È uno dei formaggi più antichi della regione tanto che la tradizione casearia lo fa risalire ai Sannitiche vivevano nel territorio.

I Sanniti avevano sviluppato una tecnica per la conservazione dei formaggi senza che si formassero batteri dannosi per le forme e per l’uomo. La speziatura, oltre a trasmettere l’essenza delle erbe,serve anche a non far deteriorare nel tempo il formaggio.
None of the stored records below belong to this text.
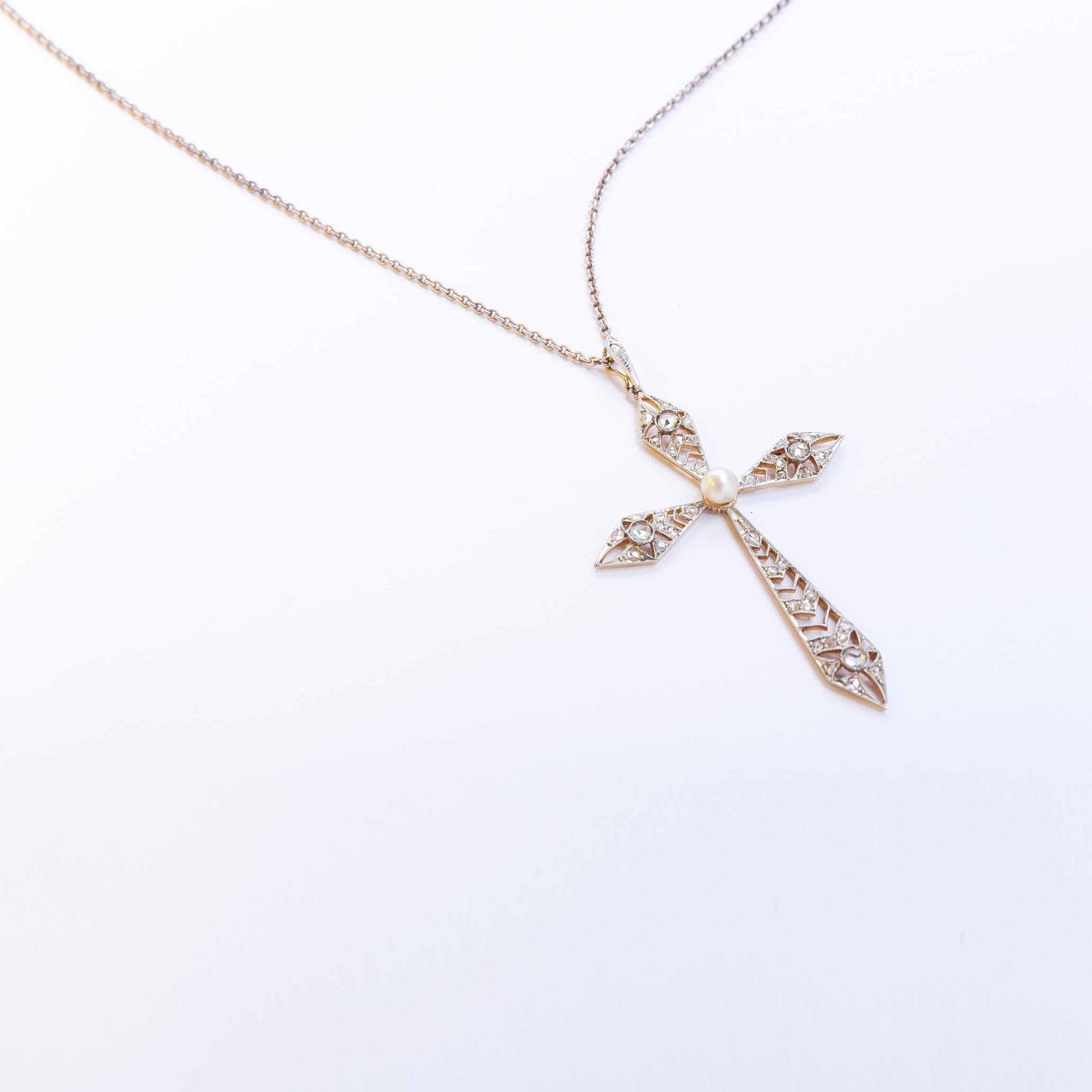 Cruz art decó en oro 18 K blanco y amarillo calado, con perla central de cultivo de un diámetro de 5 mm, cuatro brillantes y varios diamantes. 58 x 37 mm. Con cadena en plata.
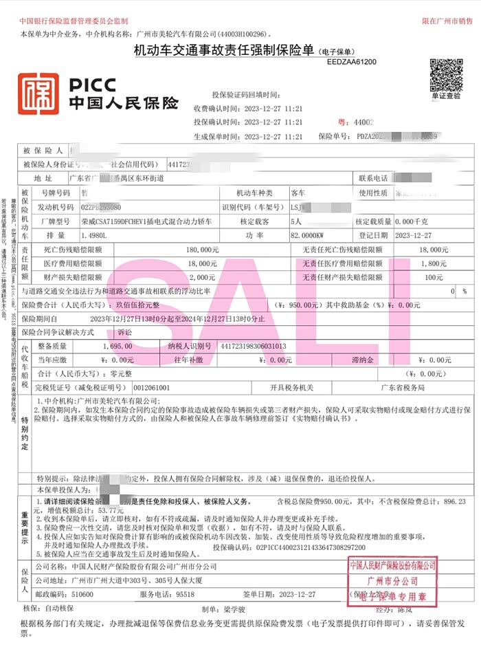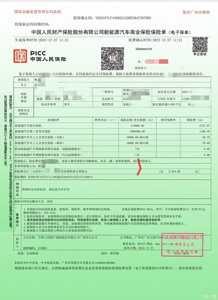 首先,作为一辆新能源汽车,我认为保险费用会比油车高一些,保险总价为 4894.06 元。强制保险是必须购买的,这一点没得商量,新车价格为 950 元。
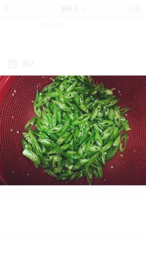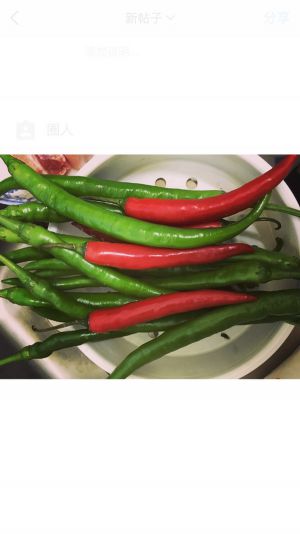 这是今天要用到的辣椒,一些青椒,和4根红椒来配色,这种辣椒比较辣一点,适合我们四川人的口味,如果怕辣可以买那种常用的青椒,把辣椒全部洗干净沥水
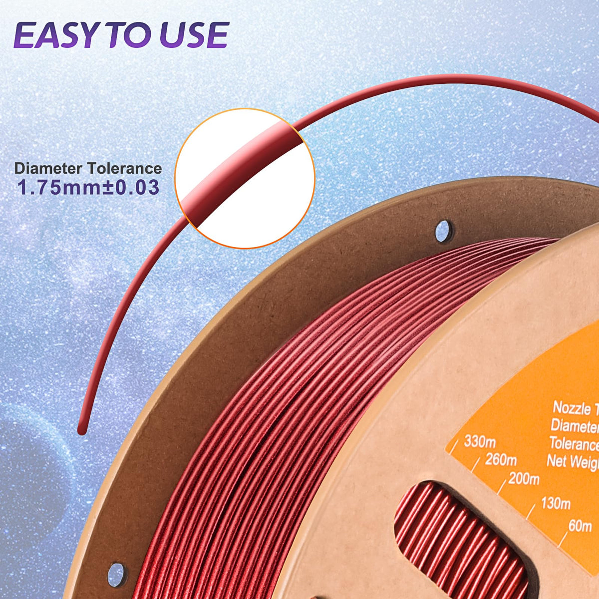 Q: What are the characteristics of this glitter PLA filament?A: This glitter PLA filament features a shiny, sparkly finish that enhances the aesthetic appeal of 3D printed objects. It is made from PLA material, which is biodegradable and easy to print with.
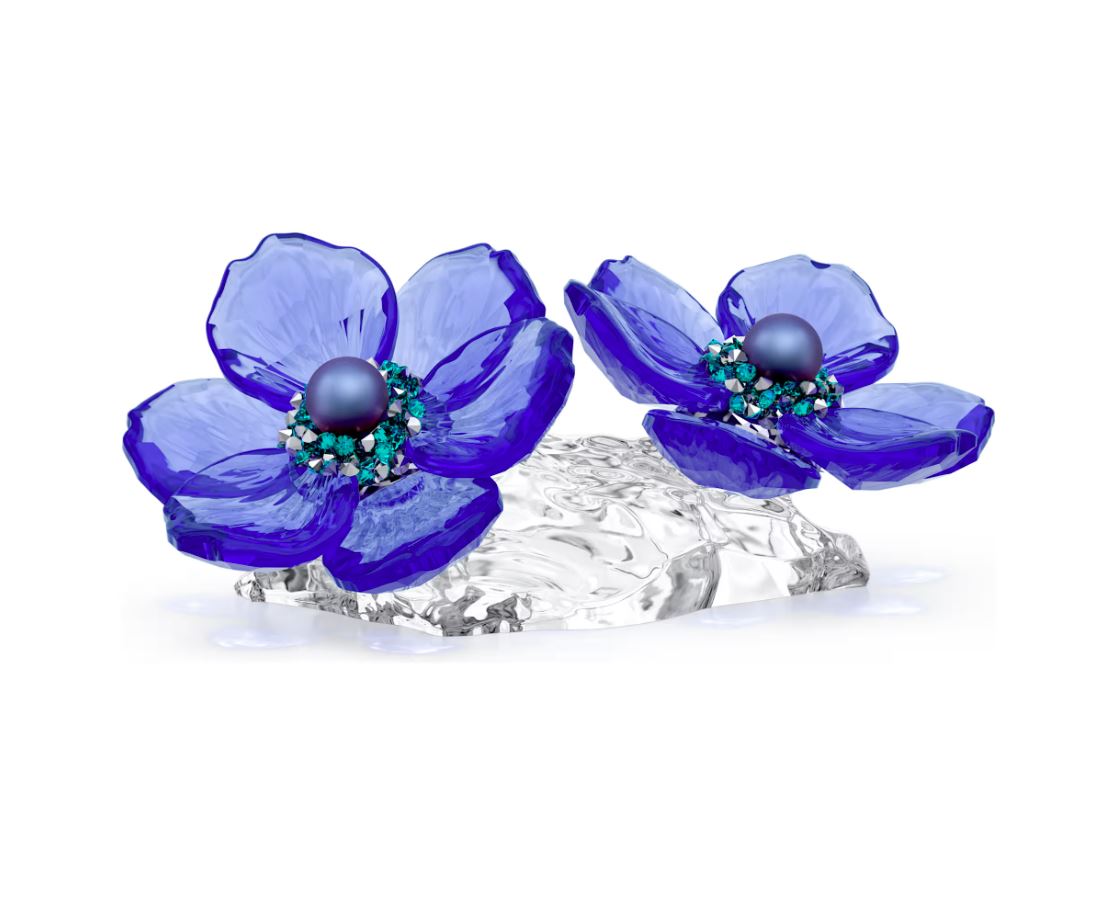 Celebrating the delicate beauty of grounded nature, these sweet anemone blooms can add a botanical touch to your décor. The two flowers are precisely cut with 455 facets and reveal vivid blue petals along with shimmering centres that include iridescent Swarovski Crystal Pearls. Create your own inspired displays by combining this creation with other pieces from the same family. Decoration object. Not a toy. Not suitable for children under 15.

Questa tradizione, che rende prezioso il Conciato, si tramanda ancora oggi. Essa consiste in una concia di 15 diverse erbe aromatiche spontanee con le quali proteggere il formaggio tra cui timo serpillo, lauro, ginepro, salvia, rosmarino, finocchio selvatico, anice, aglio, coriandolo, pepe nero, pepe bianco, e basilico.

Il formaggio è un piccolo cacio coagulato con caglio di capretto o caglio in polvere di vitello. Alla rottura della cagliata, il cacio viene formato in fascine di plastica che ricalcano le tipiche forme di quelle in vimini.

Il periodo di produzione va da settembre a giugno.